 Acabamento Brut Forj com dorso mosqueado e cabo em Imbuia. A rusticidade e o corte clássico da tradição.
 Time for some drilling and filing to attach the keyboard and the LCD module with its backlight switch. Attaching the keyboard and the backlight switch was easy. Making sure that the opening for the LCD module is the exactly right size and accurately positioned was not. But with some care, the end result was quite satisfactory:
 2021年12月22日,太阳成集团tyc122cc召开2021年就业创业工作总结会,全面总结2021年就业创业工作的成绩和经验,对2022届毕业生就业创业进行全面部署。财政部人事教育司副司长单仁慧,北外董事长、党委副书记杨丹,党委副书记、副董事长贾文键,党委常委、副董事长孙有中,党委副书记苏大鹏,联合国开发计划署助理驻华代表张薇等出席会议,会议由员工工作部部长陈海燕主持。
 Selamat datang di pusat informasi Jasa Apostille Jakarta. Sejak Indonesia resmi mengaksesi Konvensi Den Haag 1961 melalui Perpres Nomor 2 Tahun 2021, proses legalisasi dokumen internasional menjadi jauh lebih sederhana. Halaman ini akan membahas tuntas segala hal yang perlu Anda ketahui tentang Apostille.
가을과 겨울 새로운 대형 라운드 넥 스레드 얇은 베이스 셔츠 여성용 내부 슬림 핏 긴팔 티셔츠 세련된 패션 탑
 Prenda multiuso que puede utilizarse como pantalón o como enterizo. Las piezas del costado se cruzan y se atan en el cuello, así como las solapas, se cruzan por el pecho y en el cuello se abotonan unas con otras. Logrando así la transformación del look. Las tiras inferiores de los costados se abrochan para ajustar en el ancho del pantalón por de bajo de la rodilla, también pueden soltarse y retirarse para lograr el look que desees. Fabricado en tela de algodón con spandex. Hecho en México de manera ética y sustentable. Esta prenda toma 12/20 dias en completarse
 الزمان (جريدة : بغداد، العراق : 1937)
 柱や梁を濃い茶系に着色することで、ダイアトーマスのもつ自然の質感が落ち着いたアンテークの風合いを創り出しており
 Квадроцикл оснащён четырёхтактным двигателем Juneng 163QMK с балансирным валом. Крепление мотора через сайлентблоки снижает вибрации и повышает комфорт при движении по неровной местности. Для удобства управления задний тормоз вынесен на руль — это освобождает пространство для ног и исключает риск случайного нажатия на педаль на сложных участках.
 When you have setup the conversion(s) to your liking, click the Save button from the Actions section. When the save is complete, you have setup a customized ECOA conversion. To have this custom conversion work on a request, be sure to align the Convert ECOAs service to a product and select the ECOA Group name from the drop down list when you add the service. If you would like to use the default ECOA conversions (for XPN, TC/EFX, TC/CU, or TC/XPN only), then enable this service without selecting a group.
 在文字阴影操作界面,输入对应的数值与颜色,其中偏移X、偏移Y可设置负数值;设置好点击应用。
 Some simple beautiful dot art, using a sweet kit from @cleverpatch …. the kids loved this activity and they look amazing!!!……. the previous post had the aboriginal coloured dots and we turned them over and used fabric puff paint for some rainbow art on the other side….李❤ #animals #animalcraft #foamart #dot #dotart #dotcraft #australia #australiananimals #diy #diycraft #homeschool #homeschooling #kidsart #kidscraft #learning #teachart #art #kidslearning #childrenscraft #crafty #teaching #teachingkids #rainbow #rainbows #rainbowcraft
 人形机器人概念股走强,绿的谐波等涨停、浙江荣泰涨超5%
▬▬▬▬▬▬▬▬▬▬
• What is required: Lines containing the word "sure" must be found in the data above and copied.

• Your solution:
 Time for some drilling and filing to attach the keyboard and the LCD module with its backlight switch. Attaching the keyboard and the backlight switch was easy. Making sure that the opening for the LCD module is the exactly right size and accurately positioned was not. But with some care, the end result was quite satisfactory:
 When you have setup the conversion(s) to your liking, click the Save button from the Actions section. When the save is complete, you have setup a customized ECOA conversion. To have this custom conversion work on a request, be sure to align the Convert ECOAs service to a product and select the ECOA Group name from the drop down list when you add the service. If you would like to use the default ECOA conversions (for XPN, TC/EFX, TC/CU, or TC/XPN only), then enable this service without selecting a group.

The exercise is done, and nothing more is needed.